Submitted by Locutus on Sun, 01/30/2011 - 07:54
Hello?
Please allow me a quick question, and feel free to reply with a link if this has been answered somewhere already. :)
I'm experimenting a bit with FCGI instead of mod_php, and since I wish to still use the XCache extension (which basically works all okay in FCGI), I'm interested in these two things:
How is the number of FCGI processes for a domain determined? At this time, I see two processes for a specific domain and three for another.
When are FCGI processes restarted?

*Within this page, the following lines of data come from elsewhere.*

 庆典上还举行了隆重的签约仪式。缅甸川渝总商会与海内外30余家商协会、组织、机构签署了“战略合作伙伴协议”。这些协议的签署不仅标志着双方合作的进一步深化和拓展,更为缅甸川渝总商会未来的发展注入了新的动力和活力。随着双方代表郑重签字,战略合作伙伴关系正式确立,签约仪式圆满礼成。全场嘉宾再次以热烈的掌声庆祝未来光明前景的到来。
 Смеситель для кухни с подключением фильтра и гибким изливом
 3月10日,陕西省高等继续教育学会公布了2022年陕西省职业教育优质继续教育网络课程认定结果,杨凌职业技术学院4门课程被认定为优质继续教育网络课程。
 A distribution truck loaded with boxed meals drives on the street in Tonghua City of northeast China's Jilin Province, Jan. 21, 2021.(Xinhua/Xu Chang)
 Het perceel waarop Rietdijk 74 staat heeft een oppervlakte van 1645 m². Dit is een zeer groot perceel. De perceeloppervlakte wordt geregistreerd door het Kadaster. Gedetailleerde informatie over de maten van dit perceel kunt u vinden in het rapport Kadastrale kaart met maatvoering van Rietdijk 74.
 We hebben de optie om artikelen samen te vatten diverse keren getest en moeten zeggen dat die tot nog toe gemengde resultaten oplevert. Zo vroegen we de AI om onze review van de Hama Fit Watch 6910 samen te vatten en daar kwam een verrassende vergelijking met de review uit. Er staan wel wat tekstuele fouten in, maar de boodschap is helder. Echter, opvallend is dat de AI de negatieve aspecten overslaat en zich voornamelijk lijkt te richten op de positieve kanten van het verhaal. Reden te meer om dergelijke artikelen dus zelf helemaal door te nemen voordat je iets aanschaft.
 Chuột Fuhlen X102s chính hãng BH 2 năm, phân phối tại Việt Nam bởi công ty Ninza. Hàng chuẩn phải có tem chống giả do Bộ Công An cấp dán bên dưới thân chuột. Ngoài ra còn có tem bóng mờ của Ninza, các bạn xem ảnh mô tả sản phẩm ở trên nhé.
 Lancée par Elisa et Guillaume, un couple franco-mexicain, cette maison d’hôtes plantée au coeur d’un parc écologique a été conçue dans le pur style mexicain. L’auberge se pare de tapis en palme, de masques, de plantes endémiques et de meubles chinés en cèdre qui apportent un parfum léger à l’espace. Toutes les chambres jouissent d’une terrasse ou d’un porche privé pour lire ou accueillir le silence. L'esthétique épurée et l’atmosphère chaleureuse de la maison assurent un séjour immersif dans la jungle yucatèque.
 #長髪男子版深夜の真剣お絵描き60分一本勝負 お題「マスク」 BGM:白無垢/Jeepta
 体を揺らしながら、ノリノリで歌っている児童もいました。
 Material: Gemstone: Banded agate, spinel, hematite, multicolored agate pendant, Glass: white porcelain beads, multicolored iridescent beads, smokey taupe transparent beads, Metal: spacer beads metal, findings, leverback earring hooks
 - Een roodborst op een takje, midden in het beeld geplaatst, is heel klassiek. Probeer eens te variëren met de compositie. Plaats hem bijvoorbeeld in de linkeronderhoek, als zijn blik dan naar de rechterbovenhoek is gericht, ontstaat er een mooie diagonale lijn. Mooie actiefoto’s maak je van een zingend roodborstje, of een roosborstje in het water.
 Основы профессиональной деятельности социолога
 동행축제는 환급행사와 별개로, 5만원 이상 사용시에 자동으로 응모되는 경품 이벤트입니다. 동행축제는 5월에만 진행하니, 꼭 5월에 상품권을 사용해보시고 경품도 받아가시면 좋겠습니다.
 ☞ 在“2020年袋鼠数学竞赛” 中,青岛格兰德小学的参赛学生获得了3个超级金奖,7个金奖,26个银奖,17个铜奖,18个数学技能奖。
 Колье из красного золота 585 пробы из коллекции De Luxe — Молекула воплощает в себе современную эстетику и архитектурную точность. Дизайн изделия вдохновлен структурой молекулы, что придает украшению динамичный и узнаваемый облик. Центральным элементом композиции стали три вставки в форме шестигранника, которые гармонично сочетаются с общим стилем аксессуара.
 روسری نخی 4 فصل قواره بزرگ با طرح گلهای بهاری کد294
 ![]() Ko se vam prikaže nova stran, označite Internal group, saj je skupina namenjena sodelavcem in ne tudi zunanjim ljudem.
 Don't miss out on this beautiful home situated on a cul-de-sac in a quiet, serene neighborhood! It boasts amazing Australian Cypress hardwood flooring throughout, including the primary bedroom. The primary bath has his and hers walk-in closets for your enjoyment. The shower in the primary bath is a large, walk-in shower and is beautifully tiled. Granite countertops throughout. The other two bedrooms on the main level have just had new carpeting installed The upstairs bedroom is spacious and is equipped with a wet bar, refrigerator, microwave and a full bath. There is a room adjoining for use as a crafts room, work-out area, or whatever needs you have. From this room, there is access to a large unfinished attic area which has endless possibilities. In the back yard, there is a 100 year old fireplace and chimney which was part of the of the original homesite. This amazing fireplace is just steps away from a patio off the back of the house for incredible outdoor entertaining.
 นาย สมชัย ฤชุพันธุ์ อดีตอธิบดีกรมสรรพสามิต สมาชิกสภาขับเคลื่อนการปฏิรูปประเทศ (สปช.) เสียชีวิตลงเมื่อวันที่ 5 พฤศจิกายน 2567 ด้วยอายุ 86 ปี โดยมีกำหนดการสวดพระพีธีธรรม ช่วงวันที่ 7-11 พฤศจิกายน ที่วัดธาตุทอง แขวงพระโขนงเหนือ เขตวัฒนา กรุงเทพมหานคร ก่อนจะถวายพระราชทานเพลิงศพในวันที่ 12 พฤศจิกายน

Since every restart means that the cache is cleared (XCache only uses memory cache, no disk cache), degrading performance for a bit, I'd probably want them to restart as rarely as possible.
Thanks in advance for help! :)
Status:
Closed (fixed)
Comments
Submitted by Locutus on Sun, 01/30/2011 - 12:12 Comment #1
Hmm, I think I can answer this myself... Would the Apache directives like
FcgidProcessLifeTime
and others from theFcgid
group be the way to go?Submitted by JamieCameron on Sun, 01/30/2011 - 13:19 Comment #2
FCGI processes get started as needed, based on the number of concurrent requests. As far as I know, there is no upper limit.
The process lifetime can be set in Virtualmin, on the Website Options page. The field is called "Max PHP execution time", but it actually sets the FCGI timeout as well..
Submitted by JamieCameron on Sun, 01/30/2011 - 13:20 Comment #3
FCGI processes get started as needed, based on the number of concurrent requests. As far as I know, there is no upper limit.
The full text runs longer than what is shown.